Зинаида Николаевна умела появляться бесшумно. Доронин настолько привык к этому, что даже не обернулся.
— Плоховато себя чувствую.
— Еще бы! Вон как начадил. А клялся — навсегда бросил.
— Не получилось, — сказал Доронин и обернулся.
Зинаида Николаевна устремила на него пытливый взгляд.
— Неприятности?
Ее лицо выражало участие, и Доронин неожиданно для себя спросил:
— Ты любила меня?
Зинаида Николаевна приподняла брови.
— Какая муха тебя укусила?
— Ответь.
— Сколько лет прожили — и вдруг…
— Не увиливай!
Зинаида Николаевна натянуто улыбнулась.
— Если бы не любила, то не вышла бы за тебя.
— Даже если бы я был гол как сокол?
Жена машинально поправила на стеллаже неровно стоявшую книгу.
— С милым рай в шалаше только в романах бывает.
Доронин кивнул.
— Так я и думал.
— Что… что ты думал?
Доронин вдруг ощутил страшную усталость. Захотелось лечь и сразу же уснуть, но Зинаида Николаевна не собиралась уходить. Розовощекая, упругая, очень подвижная, она была раздосадована: рот приоткрылся, в глазах появился гневный блеск. Глядя на жену, Доронин отметил, что она еще очень привлекательная. Он не испытывал к ней ни любви, ни ревности, впервые в жизни подумал: «Теперь, когда сын стал взрослым, нас уже ничего не связывает».
— Объясни же! — потребовала Зинаида Николаевна.
Что он мог объяснить? Да и нужно ли было это? Позади было двадцать лет совместной жизни, а впереди…
— Давай в другой раз поговорим.
Зинаида Николаевна фыркнула и ушла, хлопнув дверью.
Татьяна уходить не хотела.
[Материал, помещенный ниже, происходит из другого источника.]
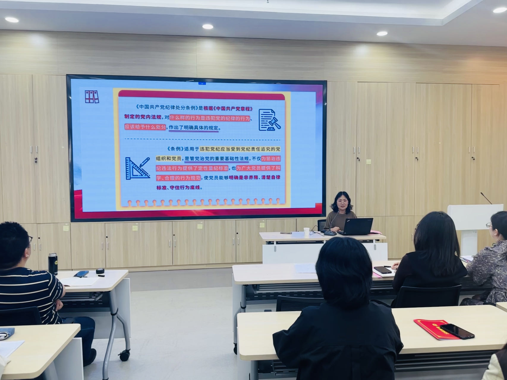 会议中,孙宁华还作了党纪学习教育专题党课。她针对《中国共产党纪律处分条例》进行了详细解读,尤其强调了政治纪律的重要性。她指出,严明的政治纪律是保持党的先进性和纯洁性的根本保障,要求全体党员务必自觉遵守,时刻保持清醒的政治头脑和坚定的政治立场。
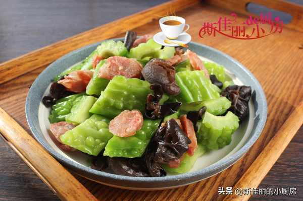 制作:將黑木耳用冷水泡軟備用; 燒鍋水加入少許鹽和油,將苦瓜片和泡軟的黑木耳放進鍋中煮至八、九成熟後撈出備用;熱鍋涼油, 將香腸片放入鍋中煸炒,再加入少許水將香腸燜煮三分鐘後再煎出少許油脂,加入焯好的食材進鍋繼續翻炒兩下,最後加入1小勺鹽調味翻炒均勻即可。
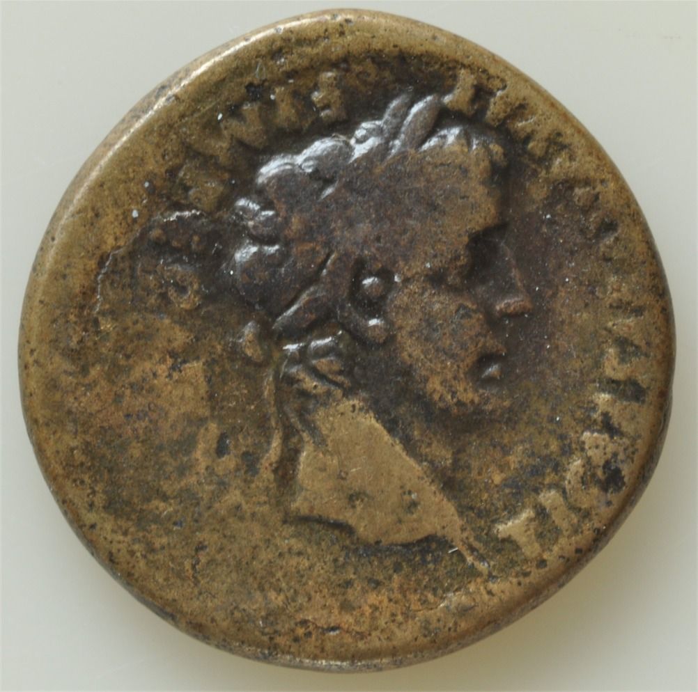 Tiberius Under Augustus (12-14 AD) - AE-Semis Lugdunum Obv: bare head r. TI CAESAR AVGVST F IMPERAT Rev: Altar at Lugdunum flanked by two columns , each with a statue of Victory. 5.4 grams S-1757 Fine.
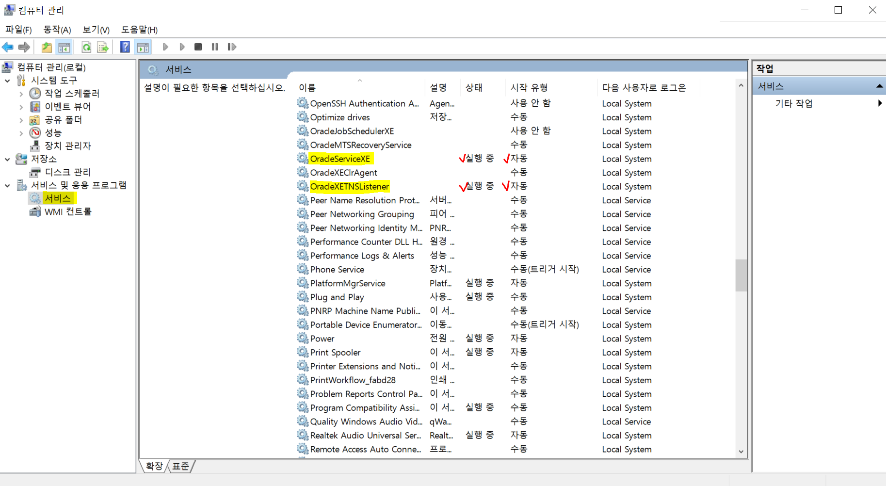 그리고 OracleServiceXE와 OracleXETNSListener가 실행중과 자동으로 되어있는지 확인한다.
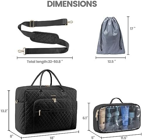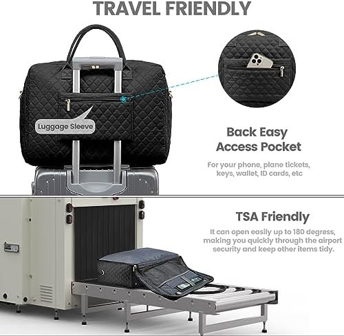 【STYLISH CARRY ON BAGS FOR AIRPLANES】: Demension- 18 x 8 x 13.2 inches, 1.95 Lbs, the LOVEVOOK duffle bag for women meets most international carry-on requirements. Fits in the overhead compartment as well as the under seat as Personal Items in flight. Integrated trolley sleeve slides over rolling luggage handle making airport travel a breeze. One back easy access pocket to hold your smart phone, ID cards or passport. Your ideal overnight weekend boarding bag for business or personal travel.
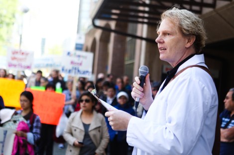 Yesterday health providers across the country rallied in 14 cities, including roughly 250 attending a demonstration in Vancouver outside Citizenship and Immigration Canada (CIC) offices on Hornby St. — many in turquoise hospital scrubs, white physician lab coats and stethoscopes.
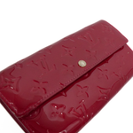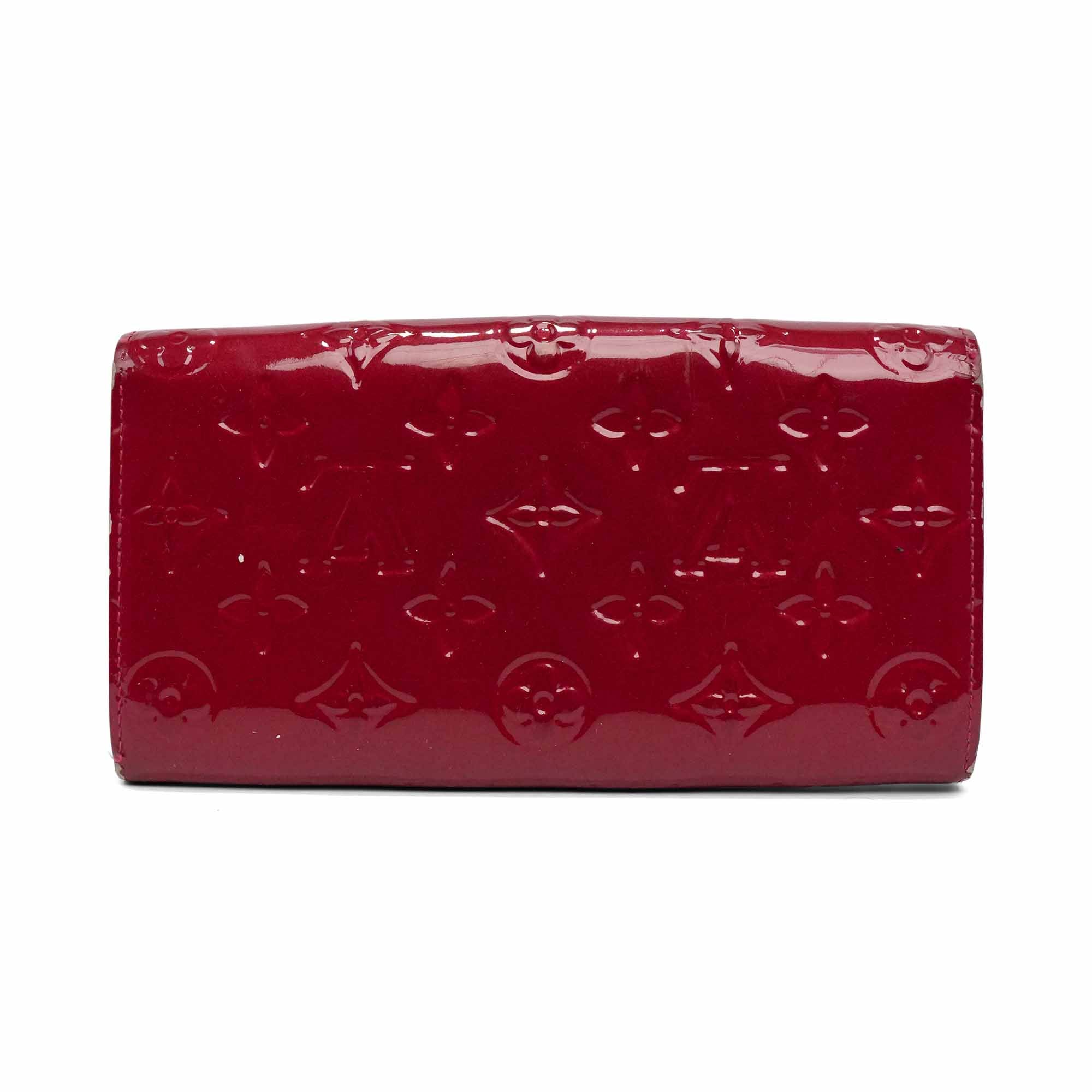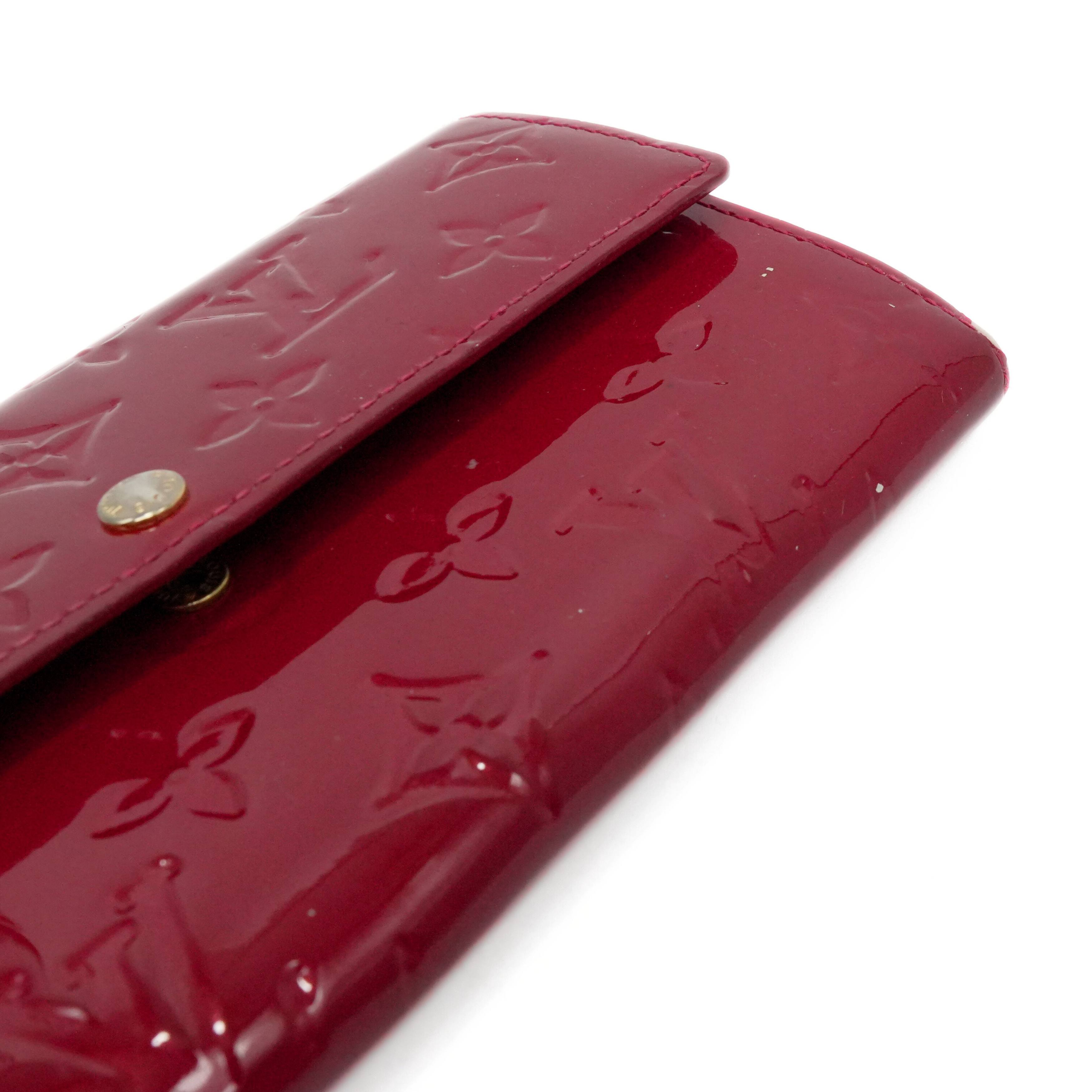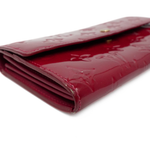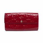 Louis Vuitton 'Sarah' long flap wallet in red monogram vernis leather with gold hardware. Features snap closure on flap, one zipper compartment inside, ten card slots and two cash compartments.

Напрасно Алексей повторял, что их могут увидеть.
— Наплевать, — беспечно роняла она и продолжала ластиться.
— Дай хоть немного поспать, — взмолился Алексей.
— Спи.
— Если не уйдешь, на кухню смоюсь.
— Боишься?
— За тебя.
Татьяна неохотно сползла с кровати, неторопливо натянула ночную рубашку, направилась к двери, вызывающе шаркая босыми ногами.
— Тише ты.
— Раскомандовался! — громко сказала Татьяна.
«Сейчас прибежит хозяйка и…» От волнения далее во рту пересохло. Но все обошлось.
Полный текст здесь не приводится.